I've been working on writing a Web Socket server in Java and this point has confused me for a while now. On GitHub there's this library by TooTallNate that's a "barebones WebSocket client and server implementation in 100% Java": https://github.com/TooTallNate/Java-WebSocket
It has a ton of stars, and is actively developed.
But then it seems like Java already has websocket functionality in the main library? https://developer.mozilla.org/en-US/docs/Web/API/WebSockets_API/Writing_a_WebSocket_server_in_Java
And there's also things like Jetty's WebSocket stuff: http://www.eclipse.org/jetty/documentation/9.4.x/jetty-websocket-server-api.html
There's also Netty which seems to have WebSocket stuff too.
So what exactly is the difference between these? Is it a question of simplicity? Or performance? Or are they totally separate things? If I need low-latency high-frequency sending of 5-10 kb messages, is there one option that would be most appropriate?
WebSocket is a technology providing for bi-directional, full-duplex communications channels, over a single Transmission Control Protocol (TCP) socket.

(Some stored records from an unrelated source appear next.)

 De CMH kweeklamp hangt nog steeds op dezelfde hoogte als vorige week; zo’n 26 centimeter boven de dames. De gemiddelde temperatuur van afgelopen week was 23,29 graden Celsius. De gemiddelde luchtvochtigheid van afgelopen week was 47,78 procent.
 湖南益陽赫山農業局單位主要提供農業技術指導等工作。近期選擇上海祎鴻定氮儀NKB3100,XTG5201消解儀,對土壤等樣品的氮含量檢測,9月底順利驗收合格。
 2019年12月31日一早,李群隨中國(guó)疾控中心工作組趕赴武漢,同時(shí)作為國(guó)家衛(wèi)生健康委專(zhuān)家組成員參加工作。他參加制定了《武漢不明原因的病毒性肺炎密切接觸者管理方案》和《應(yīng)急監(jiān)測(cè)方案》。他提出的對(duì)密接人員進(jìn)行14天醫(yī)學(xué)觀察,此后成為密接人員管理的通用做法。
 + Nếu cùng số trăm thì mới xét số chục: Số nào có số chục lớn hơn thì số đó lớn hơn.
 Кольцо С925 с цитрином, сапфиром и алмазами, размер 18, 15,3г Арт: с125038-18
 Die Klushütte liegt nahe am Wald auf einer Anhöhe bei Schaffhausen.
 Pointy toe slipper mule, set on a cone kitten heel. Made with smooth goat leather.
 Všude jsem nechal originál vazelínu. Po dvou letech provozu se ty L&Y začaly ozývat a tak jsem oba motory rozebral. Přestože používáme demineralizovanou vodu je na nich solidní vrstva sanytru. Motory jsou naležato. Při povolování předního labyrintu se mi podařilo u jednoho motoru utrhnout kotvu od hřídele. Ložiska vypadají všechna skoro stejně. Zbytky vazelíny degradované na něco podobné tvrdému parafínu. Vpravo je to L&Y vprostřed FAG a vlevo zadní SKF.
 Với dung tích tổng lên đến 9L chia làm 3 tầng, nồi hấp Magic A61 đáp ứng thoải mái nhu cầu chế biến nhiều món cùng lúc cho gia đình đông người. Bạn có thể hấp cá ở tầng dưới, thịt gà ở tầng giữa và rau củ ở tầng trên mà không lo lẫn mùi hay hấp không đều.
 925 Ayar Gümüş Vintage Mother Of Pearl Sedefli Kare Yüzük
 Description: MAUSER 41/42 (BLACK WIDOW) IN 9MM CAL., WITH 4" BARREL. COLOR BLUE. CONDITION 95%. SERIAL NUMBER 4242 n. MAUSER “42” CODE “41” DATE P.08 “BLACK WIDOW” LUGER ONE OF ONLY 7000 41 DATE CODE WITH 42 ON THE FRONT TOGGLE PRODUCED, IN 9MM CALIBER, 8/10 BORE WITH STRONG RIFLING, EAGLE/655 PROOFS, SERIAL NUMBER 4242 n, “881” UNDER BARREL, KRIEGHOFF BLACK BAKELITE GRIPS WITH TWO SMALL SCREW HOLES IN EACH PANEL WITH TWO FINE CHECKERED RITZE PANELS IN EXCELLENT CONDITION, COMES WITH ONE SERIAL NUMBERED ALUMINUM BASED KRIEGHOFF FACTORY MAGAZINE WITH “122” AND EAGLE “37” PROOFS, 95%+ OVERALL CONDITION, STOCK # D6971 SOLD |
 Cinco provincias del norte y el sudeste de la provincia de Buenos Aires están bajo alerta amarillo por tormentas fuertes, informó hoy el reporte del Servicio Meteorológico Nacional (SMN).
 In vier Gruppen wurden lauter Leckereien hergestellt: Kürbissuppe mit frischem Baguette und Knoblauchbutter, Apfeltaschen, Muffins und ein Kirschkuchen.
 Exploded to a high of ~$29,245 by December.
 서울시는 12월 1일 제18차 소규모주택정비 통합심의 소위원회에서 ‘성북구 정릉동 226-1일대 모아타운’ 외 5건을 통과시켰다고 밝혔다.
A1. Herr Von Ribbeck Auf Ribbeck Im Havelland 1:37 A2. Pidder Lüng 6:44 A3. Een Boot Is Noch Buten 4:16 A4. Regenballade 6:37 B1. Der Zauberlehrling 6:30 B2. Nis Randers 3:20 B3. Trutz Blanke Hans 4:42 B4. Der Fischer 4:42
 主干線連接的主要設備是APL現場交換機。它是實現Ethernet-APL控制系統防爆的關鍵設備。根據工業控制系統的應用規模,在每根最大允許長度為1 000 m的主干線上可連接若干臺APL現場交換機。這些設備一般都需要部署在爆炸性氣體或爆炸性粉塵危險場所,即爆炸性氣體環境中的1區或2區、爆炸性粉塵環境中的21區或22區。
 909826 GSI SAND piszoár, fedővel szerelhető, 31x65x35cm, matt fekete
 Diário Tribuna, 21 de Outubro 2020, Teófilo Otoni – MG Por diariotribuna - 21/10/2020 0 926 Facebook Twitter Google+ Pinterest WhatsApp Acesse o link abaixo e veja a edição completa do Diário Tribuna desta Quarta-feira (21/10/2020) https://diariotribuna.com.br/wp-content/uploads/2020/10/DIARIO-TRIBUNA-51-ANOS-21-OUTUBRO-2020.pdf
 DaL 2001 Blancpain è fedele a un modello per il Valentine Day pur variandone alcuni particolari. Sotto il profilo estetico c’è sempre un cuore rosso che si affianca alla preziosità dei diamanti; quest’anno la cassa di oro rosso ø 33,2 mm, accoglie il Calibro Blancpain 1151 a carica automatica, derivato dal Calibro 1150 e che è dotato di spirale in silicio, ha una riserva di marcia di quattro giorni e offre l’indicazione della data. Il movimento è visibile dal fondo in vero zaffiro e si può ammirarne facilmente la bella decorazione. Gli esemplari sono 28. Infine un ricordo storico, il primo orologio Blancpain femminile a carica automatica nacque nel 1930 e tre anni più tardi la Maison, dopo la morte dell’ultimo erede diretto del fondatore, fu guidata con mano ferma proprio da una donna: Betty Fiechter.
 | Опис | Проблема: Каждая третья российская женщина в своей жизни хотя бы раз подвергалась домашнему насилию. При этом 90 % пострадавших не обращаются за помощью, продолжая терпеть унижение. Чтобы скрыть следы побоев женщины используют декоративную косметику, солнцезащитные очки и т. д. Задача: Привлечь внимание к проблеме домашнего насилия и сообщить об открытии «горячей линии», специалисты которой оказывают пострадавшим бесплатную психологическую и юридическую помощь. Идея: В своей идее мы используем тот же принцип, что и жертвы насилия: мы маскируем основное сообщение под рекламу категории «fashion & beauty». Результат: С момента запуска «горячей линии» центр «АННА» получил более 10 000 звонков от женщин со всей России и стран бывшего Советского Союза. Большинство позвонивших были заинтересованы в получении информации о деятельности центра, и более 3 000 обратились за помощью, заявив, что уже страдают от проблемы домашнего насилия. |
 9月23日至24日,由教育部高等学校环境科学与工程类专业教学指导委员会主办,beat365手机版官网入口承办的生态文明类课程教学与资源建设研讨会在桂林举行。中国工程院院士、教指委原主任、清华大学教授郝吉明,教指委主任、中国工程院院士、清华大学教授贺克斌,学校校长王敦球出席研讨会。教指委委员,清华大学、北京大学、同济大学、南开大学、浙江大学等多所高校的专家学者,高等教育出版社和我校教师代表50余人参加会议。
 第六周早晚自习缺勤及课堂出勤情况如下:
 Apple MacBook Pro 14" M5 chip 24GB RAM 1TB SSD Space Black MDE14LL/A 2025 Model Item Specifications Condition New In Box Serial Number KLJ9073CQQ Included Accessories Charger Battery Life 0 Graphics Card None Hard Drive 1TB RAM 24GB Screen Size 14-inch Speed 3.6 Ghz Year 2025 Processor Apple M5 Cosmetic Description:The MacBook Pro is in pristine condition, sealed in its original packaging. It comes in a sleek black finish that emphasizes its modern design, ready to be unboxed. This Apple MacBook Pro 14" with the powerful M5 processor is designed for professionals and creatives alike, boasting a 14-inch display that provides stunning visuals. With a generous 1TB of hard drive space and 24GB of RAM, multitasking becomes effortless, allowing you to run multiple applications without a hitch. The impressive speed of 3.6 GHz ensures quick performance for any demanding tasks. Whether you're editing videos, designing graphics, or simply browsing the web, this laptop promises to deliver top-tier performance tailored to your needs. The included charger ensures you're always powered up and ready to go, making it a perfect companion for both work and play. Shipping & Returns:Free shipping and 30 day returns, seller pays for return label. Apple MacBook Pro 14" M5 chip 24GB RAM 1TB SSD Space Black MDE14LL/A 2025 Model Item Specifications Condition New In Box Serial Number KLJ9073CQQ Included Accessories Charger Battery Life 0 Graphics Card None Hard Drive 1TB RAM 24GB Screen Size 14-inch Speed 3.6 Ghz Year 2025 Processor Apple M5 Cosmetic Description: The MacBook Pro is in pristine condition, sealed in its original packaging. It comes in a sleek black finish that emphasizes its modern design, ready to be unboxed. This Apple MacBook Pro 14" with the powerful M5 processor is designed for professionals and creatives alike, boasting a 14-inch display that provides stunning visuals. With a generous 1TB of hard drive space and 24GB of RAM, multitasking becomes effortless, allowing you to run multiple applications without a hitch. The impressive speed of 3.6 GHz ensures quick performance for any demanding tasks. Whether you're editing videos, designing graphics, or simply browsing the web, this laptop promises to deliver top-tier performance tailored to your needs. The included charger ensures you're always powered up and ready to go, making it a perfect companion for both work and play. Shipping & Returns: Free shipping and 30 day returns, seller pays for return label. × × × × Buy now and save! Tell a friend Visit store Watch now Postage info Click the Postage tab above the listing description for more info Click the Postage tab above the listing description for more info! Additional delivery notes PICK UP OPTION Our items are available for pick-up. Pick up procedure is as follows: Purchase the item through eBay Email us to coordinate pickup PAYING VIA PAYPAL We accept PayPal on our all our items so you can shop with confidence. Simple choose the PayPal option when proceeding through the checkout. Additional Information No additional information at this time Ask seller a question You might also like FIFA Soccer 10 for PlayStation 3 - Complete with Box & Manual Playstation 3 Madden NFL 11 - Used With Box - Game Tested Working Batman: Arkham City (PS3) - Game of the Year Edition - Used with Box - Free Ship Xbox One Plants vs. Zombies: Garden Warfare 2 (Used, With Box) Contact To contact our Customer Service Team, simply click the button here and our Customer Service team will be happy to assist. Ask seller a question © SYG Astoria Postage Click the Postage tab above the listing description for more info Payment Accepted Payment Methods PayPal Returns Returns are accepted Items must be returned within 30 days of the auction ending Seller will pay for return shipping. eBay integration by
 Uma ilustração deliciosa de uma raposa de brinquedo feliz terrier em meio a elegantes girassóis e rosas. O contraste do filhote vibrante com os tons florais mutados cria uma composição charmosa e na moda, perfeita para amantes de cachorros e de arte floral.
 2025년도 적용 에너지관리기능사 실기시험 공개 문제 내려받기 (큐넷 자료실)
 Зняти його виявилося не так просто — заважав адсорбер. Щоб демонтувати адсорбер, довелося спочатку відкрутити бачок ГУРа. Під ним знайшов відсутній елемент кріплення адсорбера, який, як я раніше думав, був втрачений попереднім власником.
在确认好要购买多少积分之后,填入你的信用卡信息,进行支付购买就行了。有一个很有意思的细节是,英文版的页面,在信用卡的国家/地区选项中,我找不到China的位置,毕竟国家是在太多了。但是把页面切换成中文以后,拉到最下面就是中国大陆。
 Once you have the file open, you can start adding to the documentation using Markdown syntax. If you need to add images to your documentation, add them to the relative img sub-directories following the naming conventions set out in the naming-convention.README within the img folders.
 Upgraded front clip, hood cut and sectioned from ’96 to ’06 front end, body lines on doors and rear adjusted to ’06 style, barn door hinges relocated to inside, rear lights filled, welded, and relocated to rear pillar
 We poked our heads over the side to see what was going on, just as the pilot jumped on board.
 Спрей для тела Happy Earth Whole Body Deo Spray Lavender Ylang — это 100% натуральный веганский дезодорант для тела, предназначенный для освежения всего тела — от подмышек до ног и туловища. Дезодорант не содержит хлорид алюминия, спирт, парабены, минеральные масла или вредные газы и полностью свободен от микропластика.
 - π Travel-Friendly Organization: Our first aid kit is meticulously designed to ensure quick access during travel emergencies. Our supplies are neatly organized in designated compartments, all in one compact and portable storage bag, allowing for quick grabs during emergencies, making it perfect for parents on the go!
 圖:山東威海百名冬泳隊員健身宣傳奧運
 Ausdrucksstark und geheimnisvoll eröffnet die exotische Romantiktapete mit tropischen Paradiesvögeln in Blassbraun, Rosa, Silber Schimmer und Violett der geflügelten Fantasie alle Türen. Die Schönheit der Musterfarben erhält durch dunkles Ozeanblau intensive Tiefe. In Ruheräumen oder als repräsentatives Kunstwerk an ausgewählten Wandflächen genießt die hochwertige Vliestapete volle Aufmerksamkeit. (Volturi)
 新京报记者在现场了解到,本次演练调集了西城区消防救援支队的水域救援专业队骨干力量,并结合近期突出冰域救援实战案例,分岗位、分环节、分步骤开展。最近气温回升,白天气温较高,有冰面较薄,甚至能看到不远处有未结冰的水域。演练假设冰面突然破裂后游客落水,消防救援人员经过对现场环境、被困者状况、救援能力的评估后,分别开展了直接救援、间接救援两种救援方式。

This is standardised by the IETF as RFC 6455.
The three links that you provided (TooTallNate, Mozilla, Jetty) are just the implementation of that websocket standards/protocol.
Similarly Netty also has Websocket implemenation.
Regarding which one to choose:
Look at it like, HTTP standard.
All Web servers (Tomcat, weblogic, Jetty, Apache HTTP etc) implement the same HTTP standard but which one to choose depends on many factors like:
So you may want to conduct some performance tests and see which one fits for your requirement.